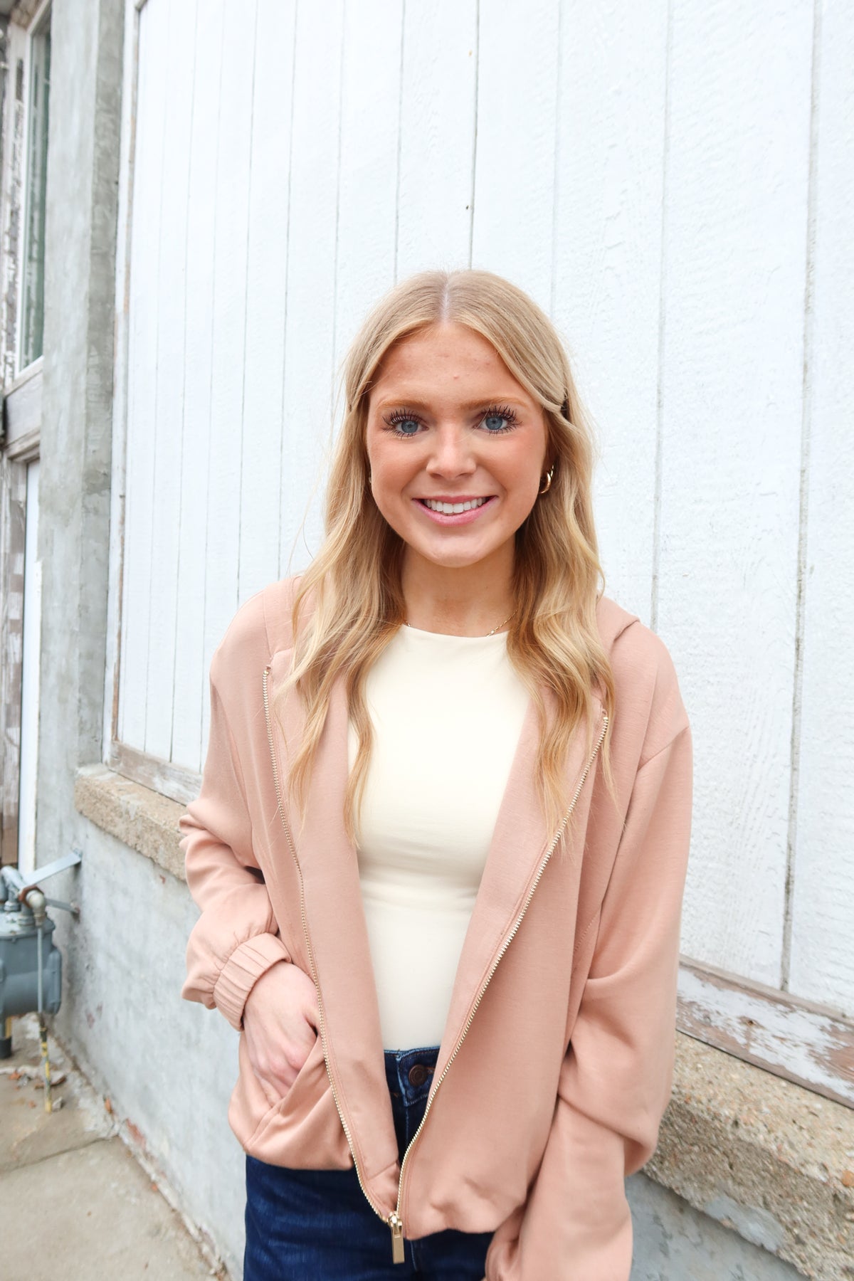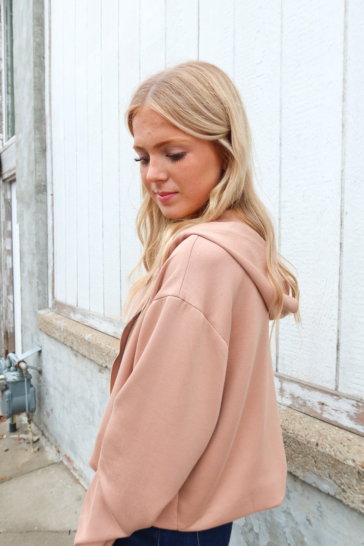 Elevate your casual wardrobe with the Willow Taupe Zip Up Hoodie, designed for effortless style and everyday comfort. This versatile piece features a sleek front zip closure for easy layering, a structured banded hem that keeps its shape, and luxe gold metal detailing that adds a touch of sophistication. Practical side pockets keep your essentials within reach, making this hoodie perfect for running errands or relaxing at home. The soft taupe tone pairs seamlessly with any outfit, while premium construction ensures lasting wear season after season.
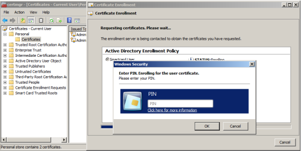 Для выдачи сертификата вставляем смарт-карту и вводим PIN от карты:
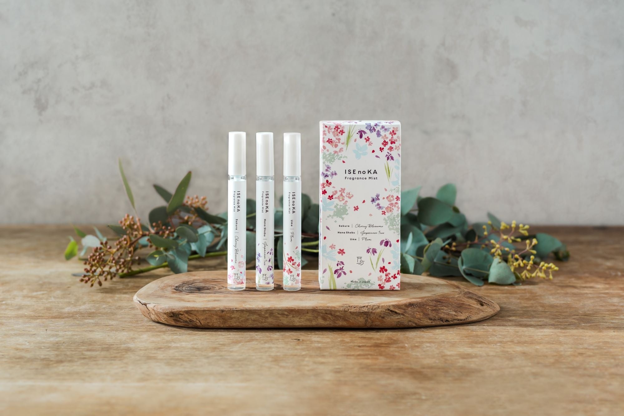伊勢神宮を流れる五十鈴川から採水した清らかな水でつくったフレグランスミストです。つけた瞬間にやさしく香りが広がり、心身ともに浄化されていくような気分になります。伊勢に咲く美しい花から、どこか儚げで可憐なイメージした3種の香りをお届けします。保湿成分も配合、ノンアルコール、無着色、鉱物油フリー の肌に直接使用できるフレグランスミストです。メイクポーチにも入りやすいコンパクトな形状で、お伊勢参りのお土産にも最適です。
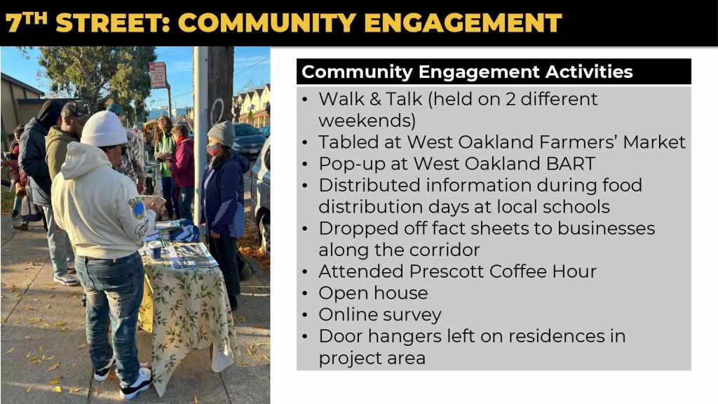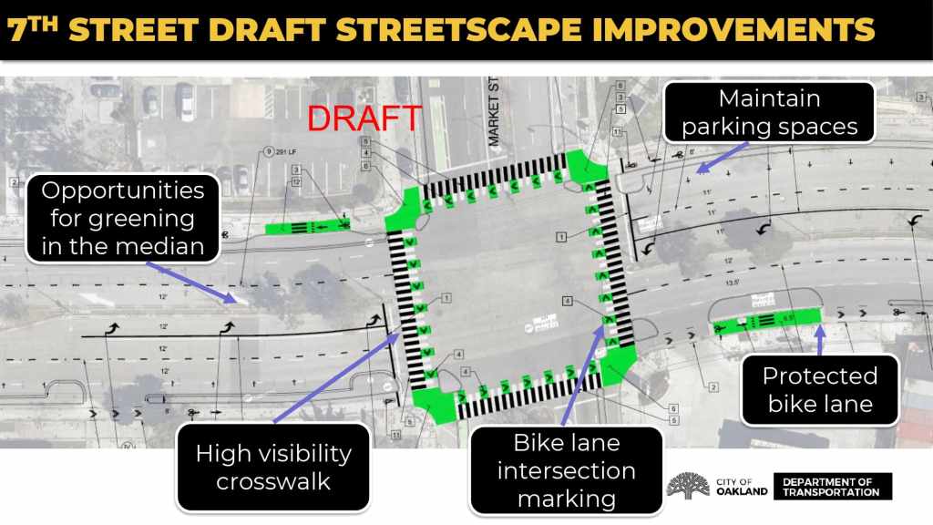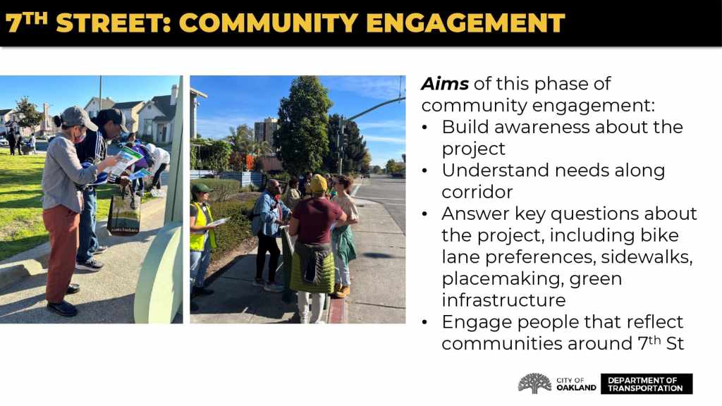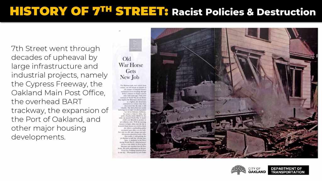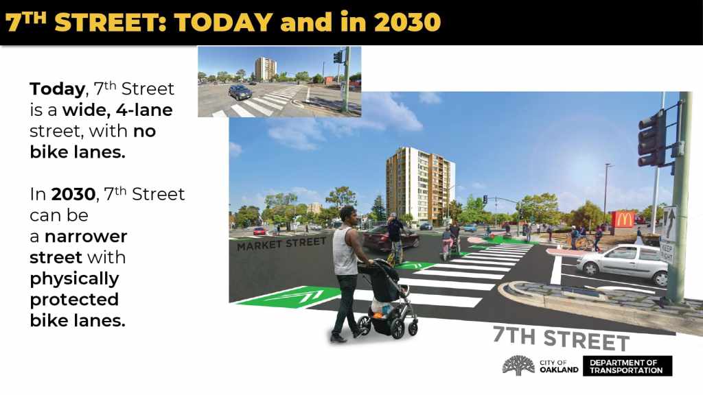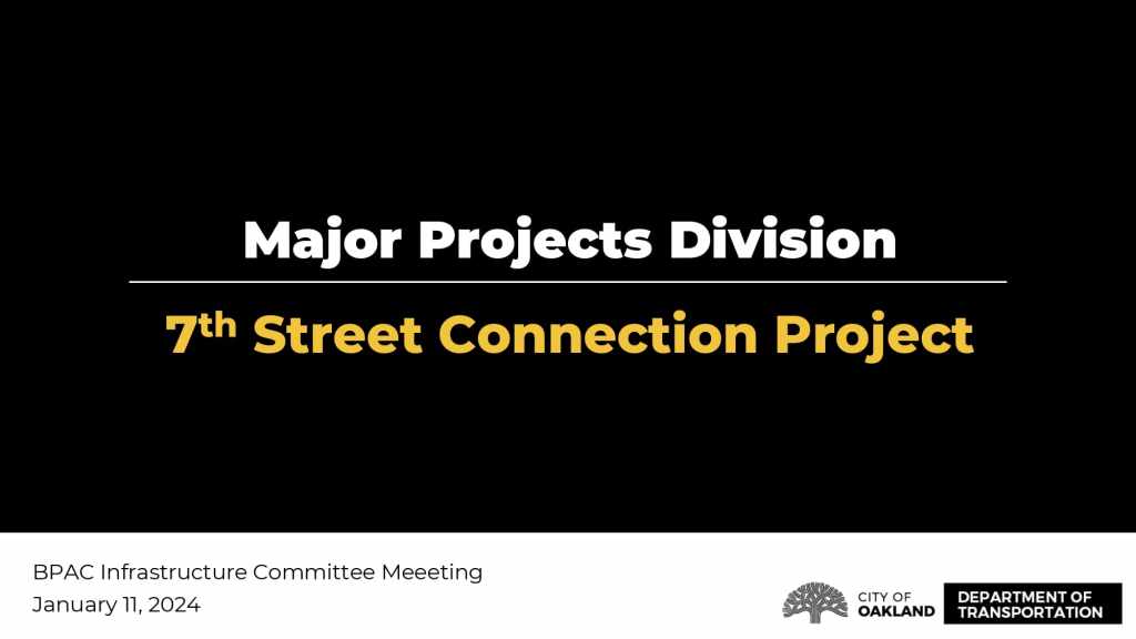 At the January 11, 2024 BPAC Infrastructure Committee meeting, the City of Oakland’s DOT (OakDOT) Major Projects Division will provide an update and accept input on the 7th Street Connection Project from Mandela Parkway to MLK Jr Way in West Oakland. The project aims to reconnect West Oakland and Downtown, create safer and more comfortable ways to travel for those walking, rolling, and taking the bus, improve air quality, and reflect the rich history of 7th Street.
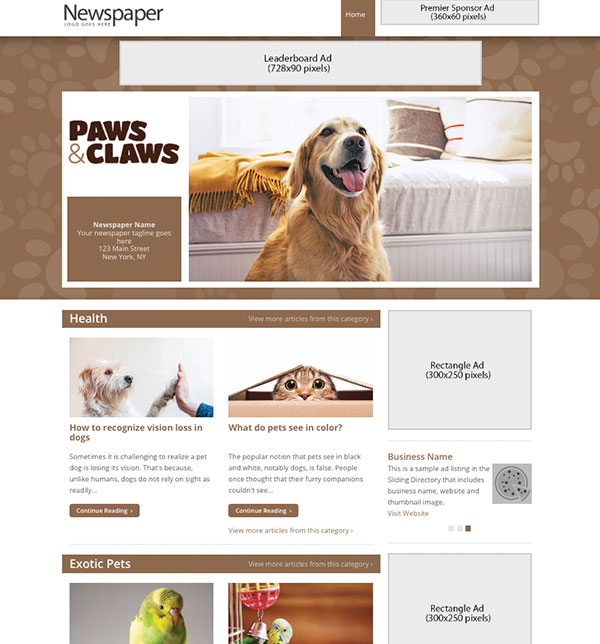 Copyright-free features focused on leash training tips, vision loss in pets, feline diabetes, home and backyard safety, bird care, fish FAQs, exotic pets and more
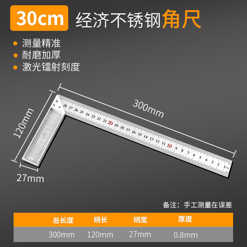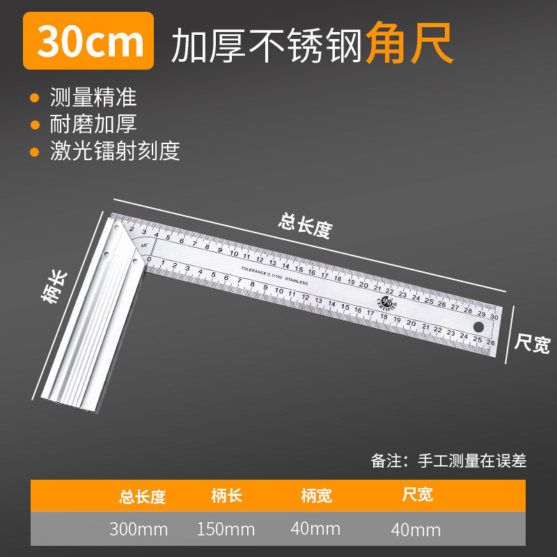 각도 눈금자 스테인레스 스틸 직선 각도 눈금자 고정밀 45 도 삼각형 눈금자 90 도 목공 다기능 활동 눈금자
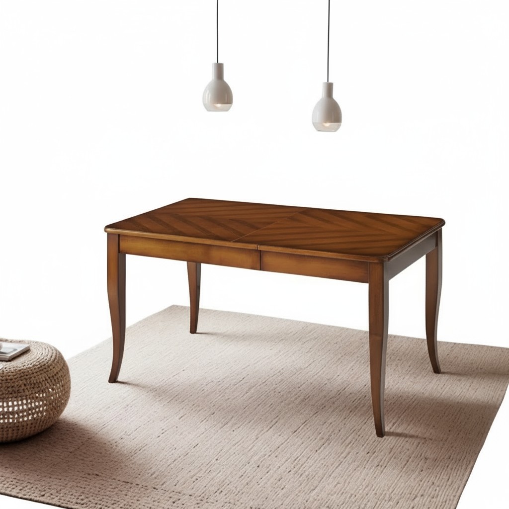 Tavolo rettangolare costruito in legno massello con gambe a sciabola sagomate e piano a spinapesce rendendo il mobile solido e allo stesso tempo elegante. Dotato di due allunghe da 45 cm allungabile con apertura centrale, detta anche 'apertura a scorrimento', le allunghe sono riposte sotto il piano. Ideale per il soggiorno e la cucina , un must intramontabile destinato a durare nel tempo e fuori dalle mode del presente.
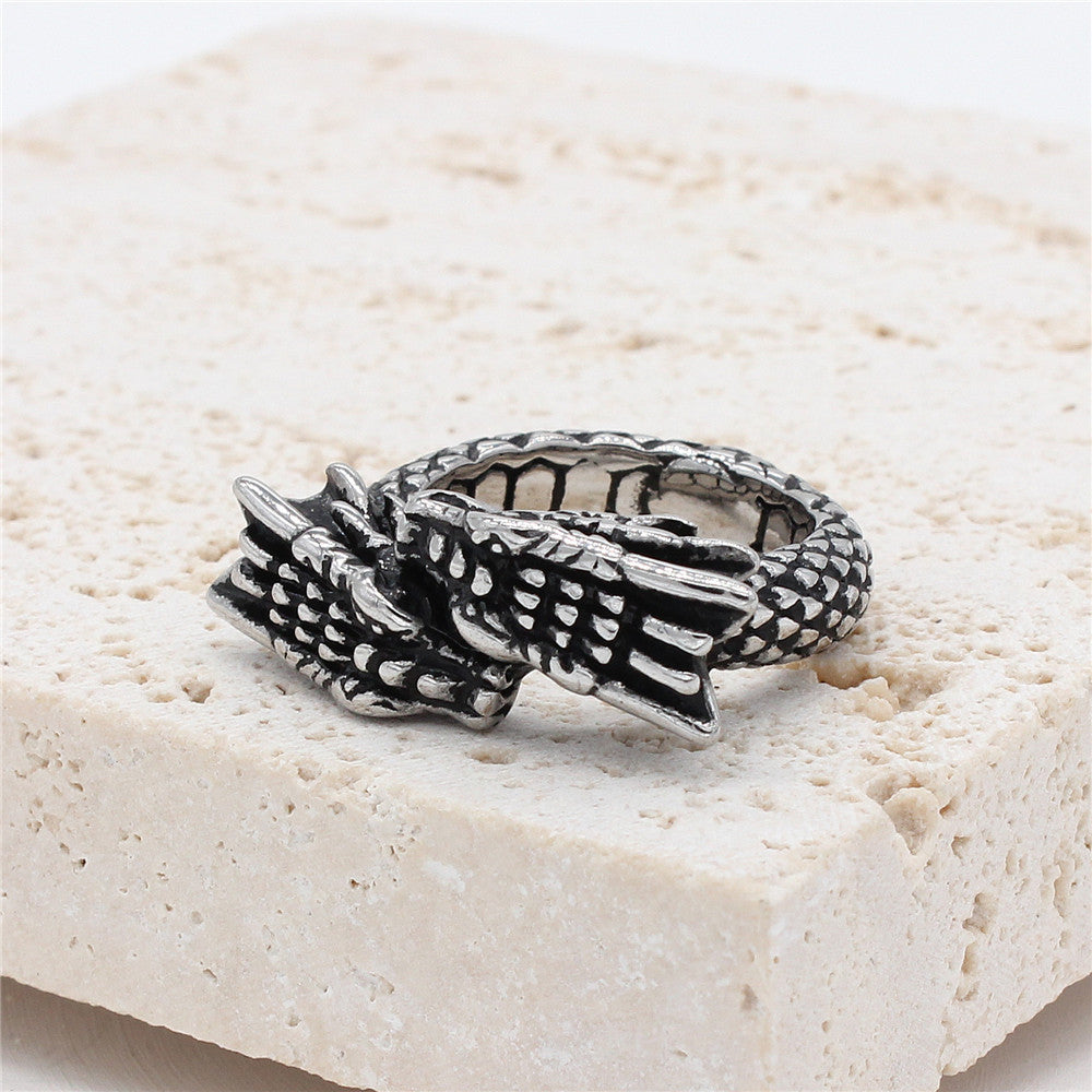 Double Headed Dragon Titanium Steel Ring for Men
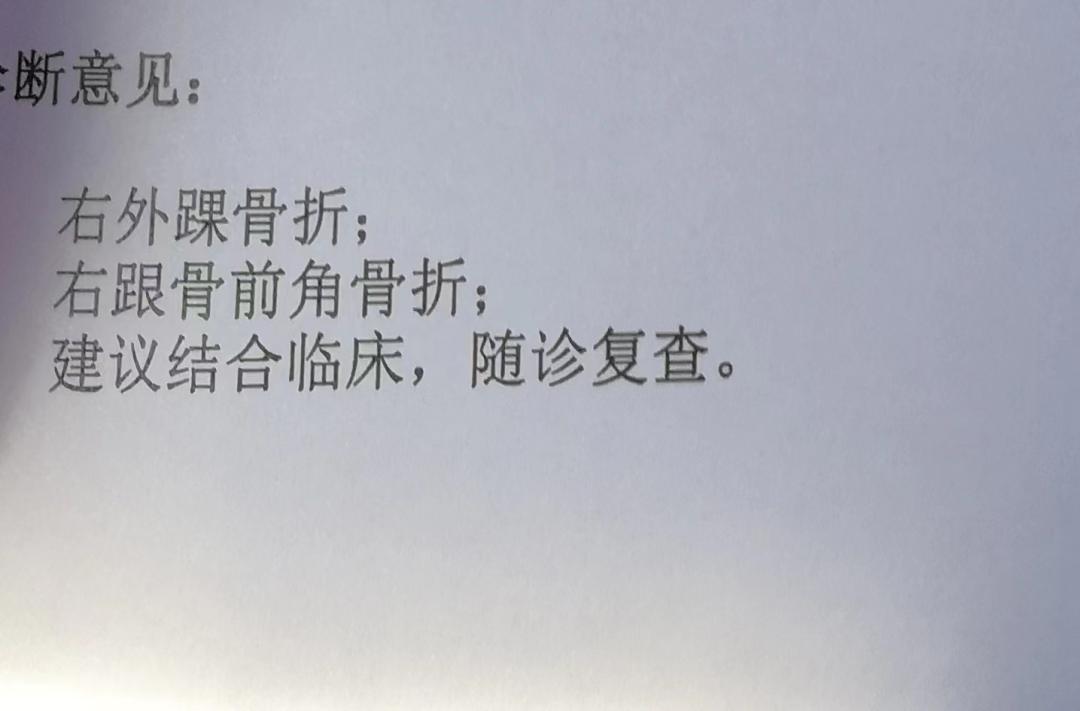 当然,最后电影没看成,朋友直接送我回家了。休息一晚上之后,我觉得腿没那么疼了,便以为只是普通的扭伤,休息几天就能好,也不会耽误我半个月后的旅游计划。但是家里人听说我摔倒后,让我一定去医院检查一下,无奈之下我只好一早一个人去医院挂号看医生。做完CT检测后,我拿到结果一看,被吓了一跳,“骨折”。
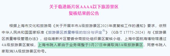 近期,上海书院人家因业务调整,已于3月27日向相关部门提交了撤销其3A级旅游景区资质的申请。

◆ ◆ ◆ ◆ ◆ ◆ ◆

| AIM OF THE TASK |
Leave out the pictures. Transcribe only the lines above, from the first through the one that contains "Для выдачи сертификата".

| TASK ANSWER |
 Elevate your casual wardrobe with the Willow Taupe Zip Up Hoodie, designed for effortless style and everyday comfort. This versatile piece features a sleek front zip closure for easy layering, a structured banded hem that keeps its shape, and luxe gold metal detailing that adds a touch of sophistication. Practical side pockets keep your essentials within reach, making this hoodie perfect for running errands or relaxing at home. The soft taupe tone pairs seamlessly with any outfit, while premium construction ensures lasting wear season after season.
 Для выдачи сертификата вставляем смарт-карту и вводим PIN от карты:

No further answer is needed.